As mentioned above, we have a PWM generator available for free and we want to re-task it for use as a DAC.
• The input level is from 0 to 1 V with a modulation rate of 100 kHz.
The PWM generator uses 100 kHz switching frequency and we need to filter this component out to achieve a smooth enough DC level.
• The output level is from 0 to 5 V and is to be a DC level with less than 0.5 mV of ripple.
We need a relative steady voltage level. With an input amplitude of 1 V and an output amplitude of 5 V, it also means we need a circuit with some gain.
• The circuit is not sensitive to offset voltage or any of the other op-amp imperfections.
Some applications are very sensitive to common-mode errors, offset voltage, or bias currents. This application in not one of those.

## Design

### Approach

Given the operational requirements listed above, we can derive some design requirements as shown below.

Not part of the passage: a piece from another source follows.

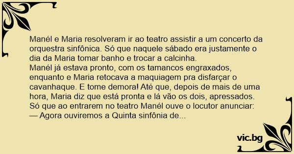 Manél e Maria resolveram ir ao teatro assistir a um concerto da orquestra sinfônica. Só que naquele sábado era justamente o dia da Maria tomar banho e trocar a calcinha.

• I need to attenuate the PWM-induced voltage ripple by at least 4 orders of magnitude (5 V/10,000 = 0.5 mV).
• Attenuation by a factor of 10,000 means 80 dB of attenuation $\left( 20\cdot \log \left( \text{10,000} \right)=80\text{ dB} \right)$.
• As a working assumption, set fBW = 100 Hz.
This means we will have 3 decades of frequency rolloff to reduce the filter gain down by 80 dB or more. A wider transition region reduces the order of the filter required.
• A 2-pole filter should provide more than enough attenuation.
A 2-pole filter provides 40 dB of attenuation per decade of frequency rolloff. A 2-pole filter should be able to meet 80 dB of attenuation over 2 decades of frequency rolloff. Since we have 3 decades of frequency rolloff to work with (100 Hz to the 100 KHz PWM frequency), I should actually see 120 dB of attenuation (more is good). So I will set the filter bandwidth at $f_{BW} = \text{100 Hz}$.
• The circuit needs a gain of 5 at DC (0 Hz)
Basically, the circuit will need to amplify a pulse train with a 1 V peak amplitude to a DC level with a 5 V peak amplitude.
• The circuit needs to have a low output impedance.
This means that I really would like to have the voltage come directly off of the output of an opamp.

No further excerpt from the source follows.